• _TASK BRIEF_
Leaving out every picture, output the records below exactly as they are.

Source data
────────────────────────────────────────

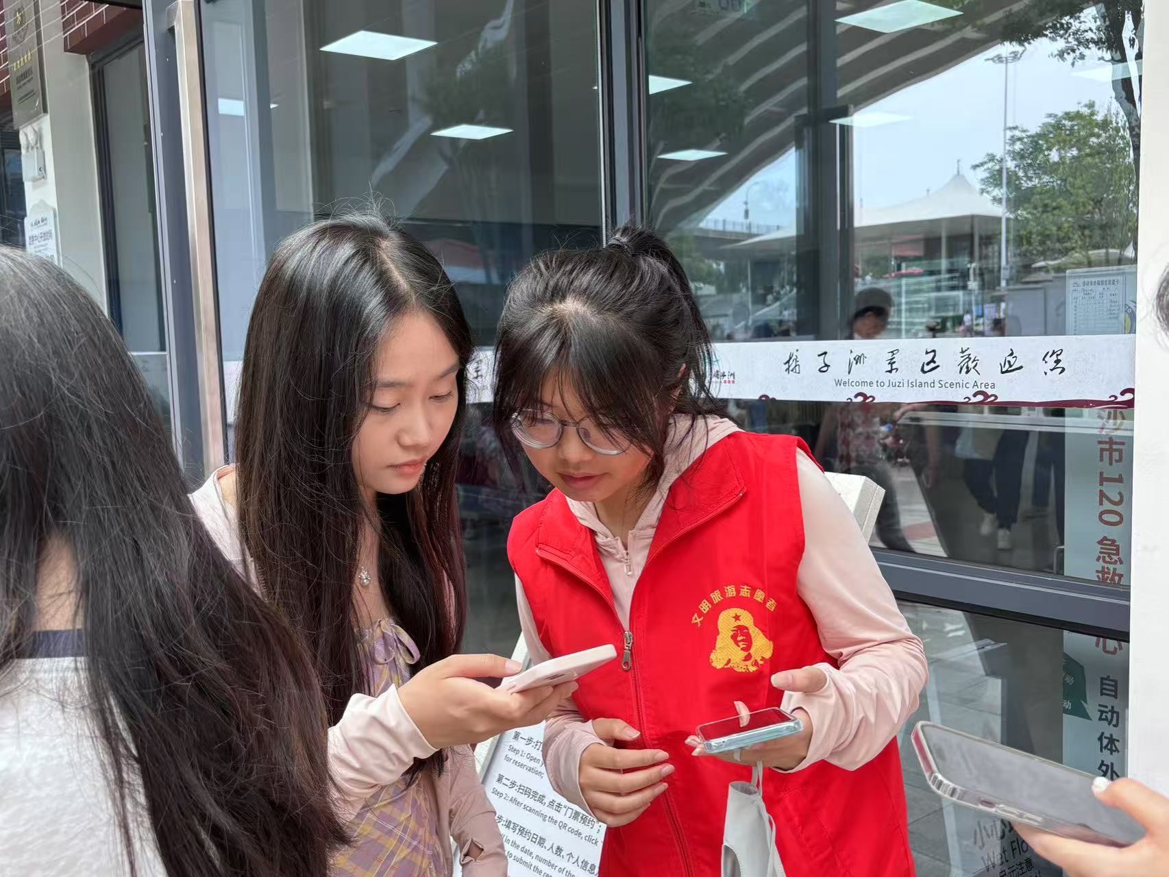 活动当天,马院学子早早抵达橘洲。他们身着统一的志愿者服装,迅速分组,有条不紊地投入到志愿服务工作中。活动中,马院学子以耐心的态度为游客提供景区预约、观光车购票指引,以温婉的语气规劝不文明行为,收获了游客们真挚的感谢和衷心的支持。活动最后,志愿者们有序归还马甲。
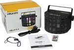 Helios 2 supports automatic and sound-activated operation. For more precise control, DMX input and output are included. The unit is suited for both beginners and users requiring more control options.
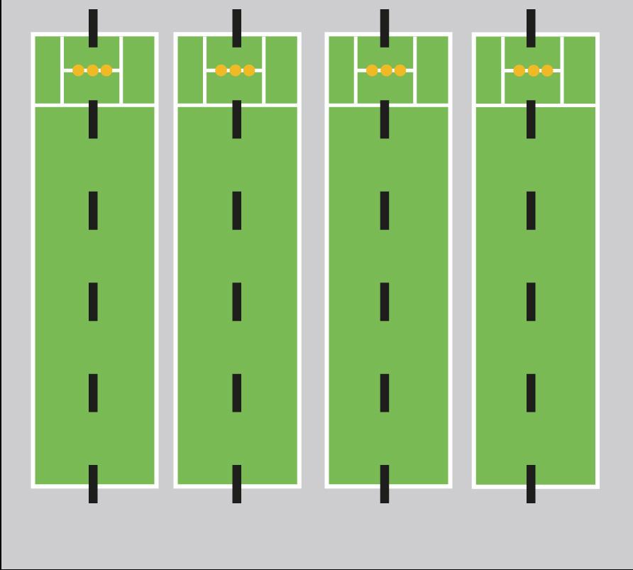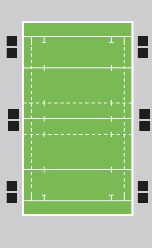 • Det skal være en hinderfri sone på 5 meter utenfor mållinjene og 4 meter utenfor sidelinjene; søyler skal ikke plasseres i disse områdene.
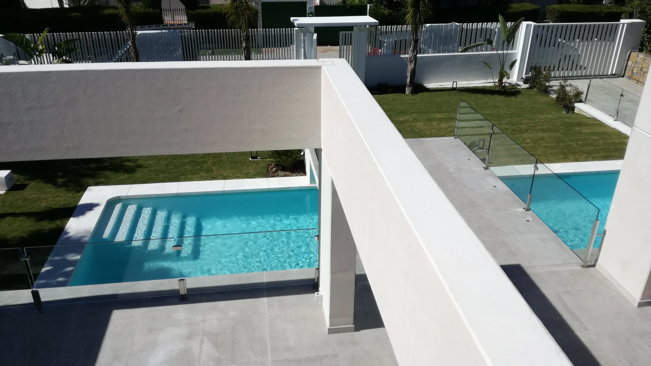 Esta vivienda desarrollada por Hormipresa Living se organiza a partir de una estructura rotunda y simétrica, en la que el hormigón arquitectónico blanco es el protagonista formal y constructivo. El conjunto se articula en torno a una gran escalinata axial que conecta el acceso principal con el espacio exterior, enmarcado por una piscina perimetral que genera un perímetro de agua continua, actuando como zócalo visual y climático del edificio.
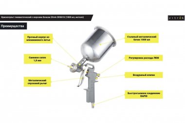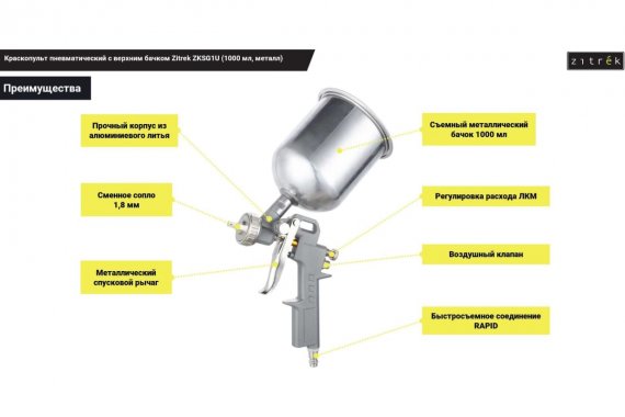 Краскопульт пневматический с верхним бачком Zitrek ZKSG1U (1000 мл, металл) предназначен для нанесения краски и лака, а также содержащих растворители и разбавляемых водой эмалевых красок, прозрачных лаков, покрывных лаков для автомобилей, морилок, масел и других текучих материалов (распыляемых сред) на подходящие для этого объекты посредством сжатого воздуха.
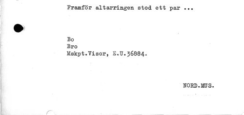 //// Framför altarringen stod ett par ... //// t //// Bo //// Bro //// Mskpt.Visor, E.U.36884. //// ! - //// NORD.MUS. //// C'? //// - //// f - ....- ^ ...... ////
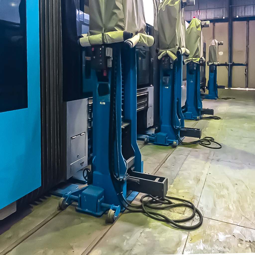 جک بالابر واگن: این دستگاه معمولاً شامل چندین ستون هیدرولیکی است که با بالا بردن همزمان، واگن را از زمین بلند میکنند. جکهای بالابر واگن در ظرفیتهای مختلف برای بالا بردن انواع واگن ساخته میشوند.
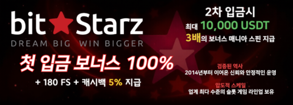 비트스타즈(BitStarz)는 2014년부터 운영된 암.호화.폐 카지노 플랫폼으로, 비.트코.인 및 다양한 디지털 자.산을 지.원하는 글로벌 온라인 슬롯 사이트입니다.
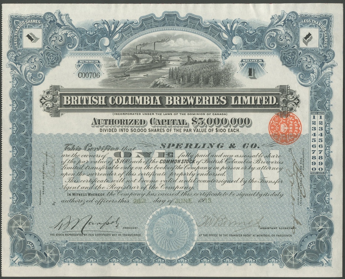 (x) Canada: British Columbia Breweries Ltd., 1 share of $100, 19[13], #C00706, lovely vignette of brewery, river and bridge, ornate border, blue and black, no printer's imprint but certainly of Waterlow or Bradbury quality, English duty stamp. EF.
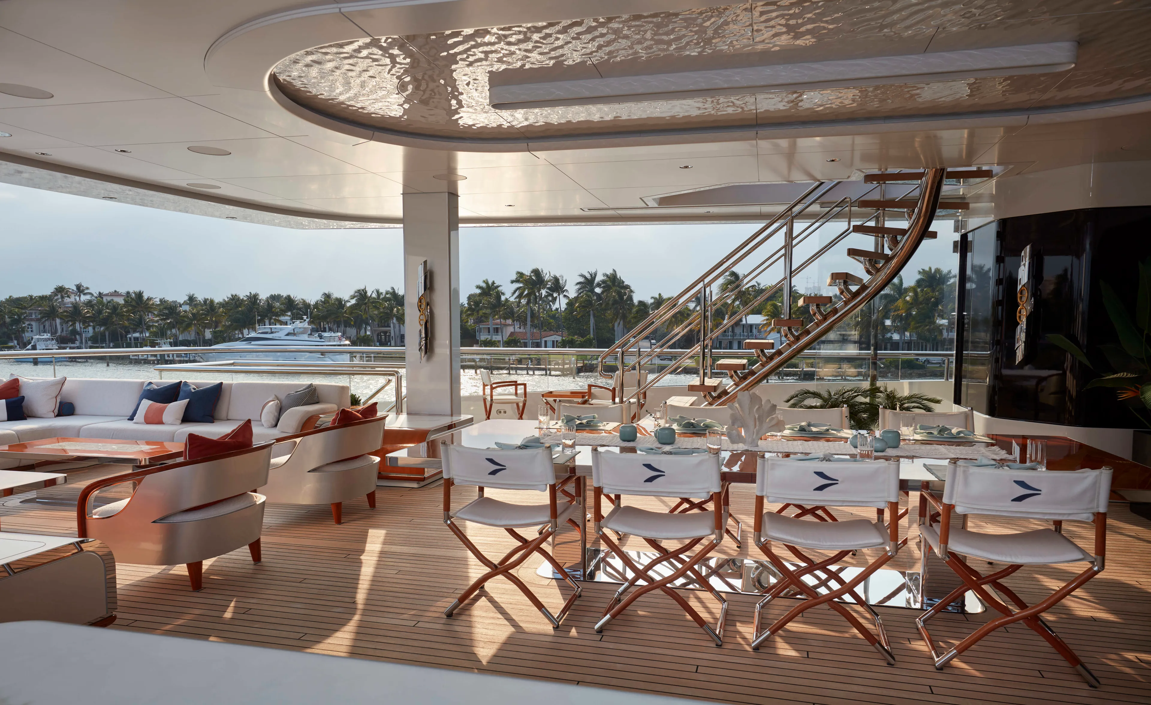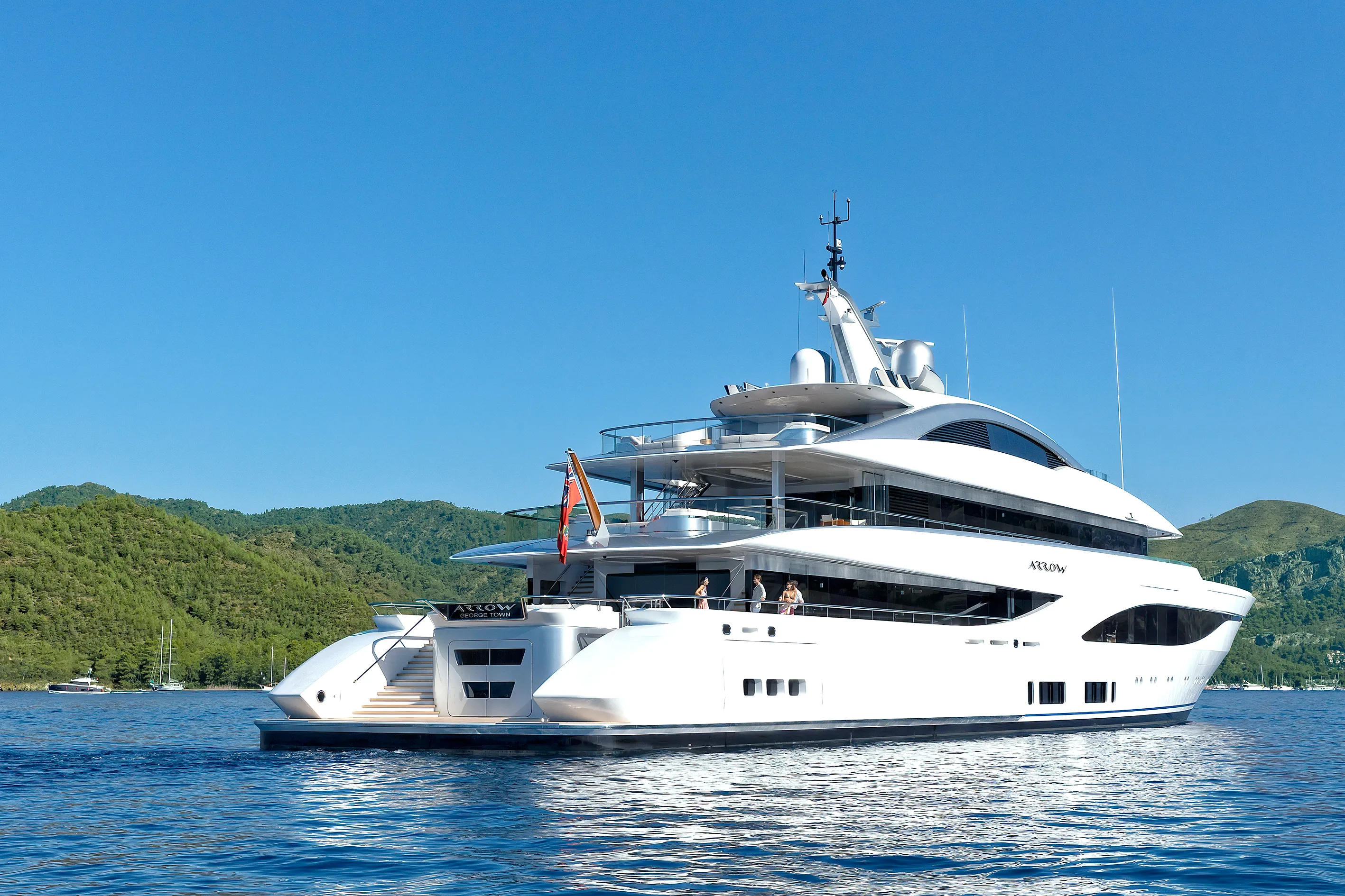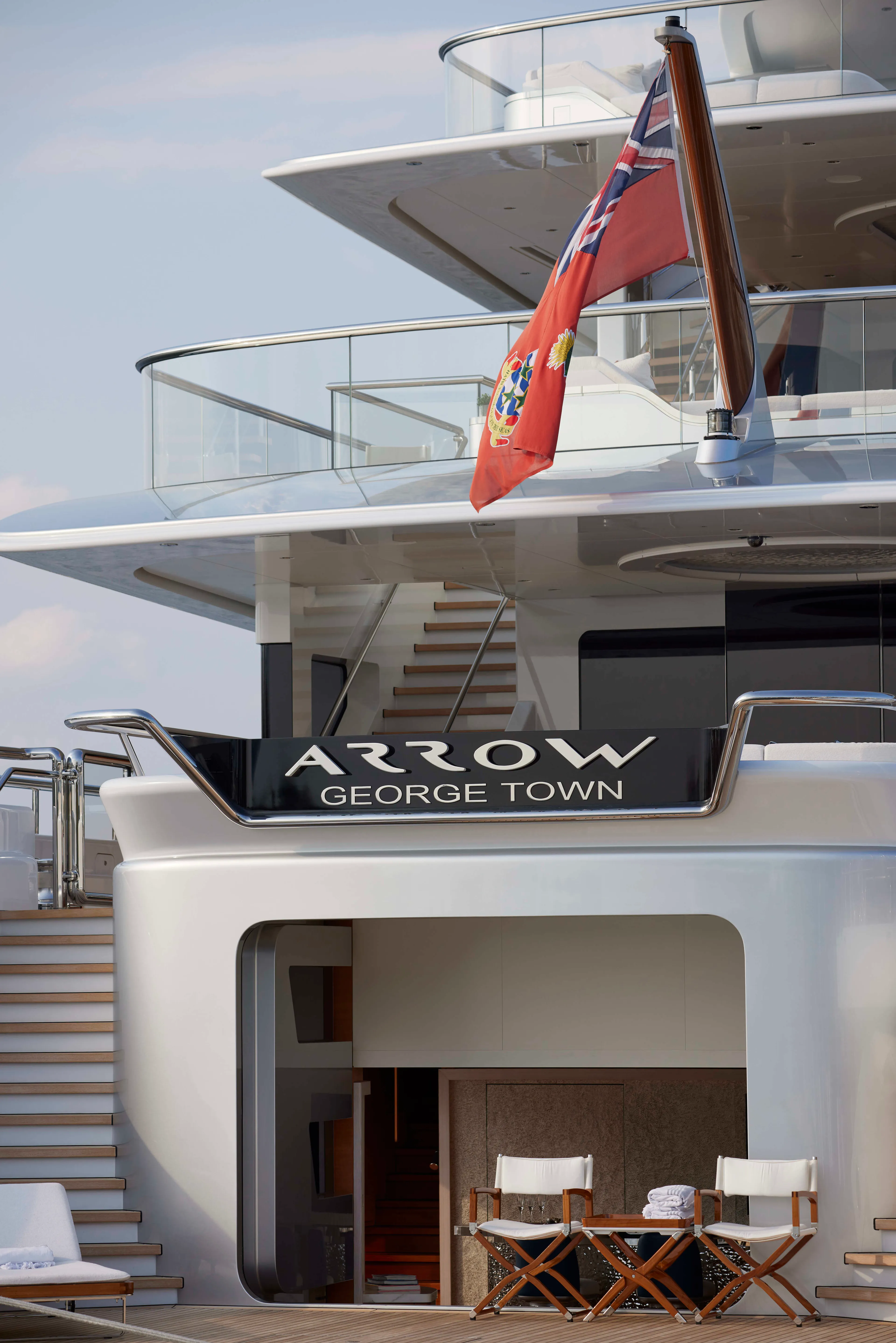 Arrow is a striking 75.00-metre Feadship with a complex exterior featuring elegant sculpted elements and shapes. The intricate outdoor spaces include elaborately detailed premium furniture normally associated with an interior with backlit marble and varnished teak. The low glass railing accentuates the sleek lines of the yacht as a whole. High deck heights and expansive gangways make for an outstandingly spacious feel as you walk between areas such as the sun deck with its bespoke mosaic-lined jacuzzi and the sensational beach club aft with a truly unique bar area.
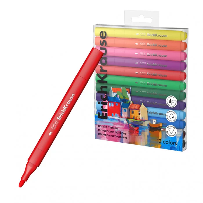 Маркеры акриловые ErichKrause Art Spirit c пулевидным наконечником 12 цветов 61839
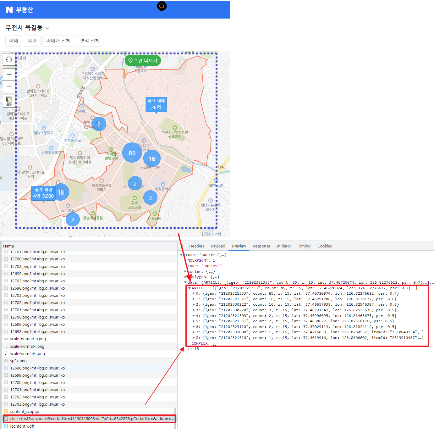4. 각 물건 별 데이터 요청 : https://m.land.naver.com/cluster/ajax/articleList

────────────────────────────────────────

• _EXERCISE SOLUTION_
 活动当天,马院学子早早抵达橘洲。他们身着统一的志愿者服装,迅速分组,有条不紊地投入到志愿服务工作中。活动中,马院学子以耐心的态度为游客提供景区预约、观光车购票指引,以温婉的语气规劝不文明行为,收获了游客们真挚的感谢和衷心的支持。活动最后,志愿者们有序归还马甲。
 Helios 2 supports automatic and sound-activated operation. For more precise control, DMX input and output are included. The unit is suited for both beginners and users requiring more control options.
 • Det skal være en hinderfri sone på 5 meter utenfor mållinjene og 4 meter utenfor sidelinjene; søyler skal ikke plasseres i disse områdene.
 Esta vivienda desarrollada por Hormipresa Living se organiza a partir de una estructura rotunda y simétrica, en la que el hormigón arquitectónico blanco es el protagonista formal y constructivo. El conjunto se articula en torno a una gran escalinata axial que conecta el acceso principal con el espacio exterior, enmarcado por una piscina perimetral que genera un perímetro de agua continua, actuando como zócalo visual y climático del edificio.
 Краскопульт пневматический с верхним бачком Zitrek ZKSG1U (1000 мл, металл) предназначен для нанесения краски и лака, а также содержащих растворители и разбавляемых водой эмалевых красок, прозрачных лаков, покрывных лаков для автомобилей, морилок, масел и других текучих материалов (распыляемых сред) на подходящие для этого объекты посредством сжатого воздуха.
 //// Framför altarringen stod ett par ... //// t //// Bo //// Bro //// Mskpt.Visor, E.U.36884. //// ! - //// NORD.MUS. //// C'? //// - //// f - ....- ^ ...... ////
 جک بالابر واگن: این دستگاه معمولاً شامل چندین ستون هیدرولیکی است که با بالا بردن همزمان، واگن را از زمین بلند میکنند. جکهای بالابر واگن در ظرفیتهای مختلف برای بالا بردن انواع واگن ساخته میشوند.
 비트스타즈(BitStarz)는 2014년부터 운영된 암.호화.폐 카지노 플랫폼으로, 비.트코.인 및 다양한 디지털 자.산을 지.원하는 글로벌 온라인 슬롯 사이트입니다.
 (x) Canada: British Columbia Breweries Ltd., 1 share of $100, 19[13], #C00706, lovely vignette of brewery, river and bridge, ornate border, blue and black, no printer's imprint but certainly of Waterlow or Bradbury quality, English duty stamp. EF.
 Arrow is a striking 75.00-metre Feadship with a complex exterior featuring elegant sculpted elements and shapes. The intricate outdoor spaces include elaborately detailed premium furniture normally associated with an interior with backlit marble and varnished teak. The low glass railing accentuates the sleek lines of the yacht as a whole. High deck heights and expansive gangways make for an outstandingly spacious feel as you walk between areas such as the sun deck with its bespoke mosaic-lined jacuzzi and the sensational beach club aft with a truly unique bar area.
 Маркеры акриловые ErichKrause Art Spirit c пулевидным наконечником 12 цветов 61839
4. 각 물건 별 데이터 요청 : https://m.land.naver.com/cluster/ajax/articleList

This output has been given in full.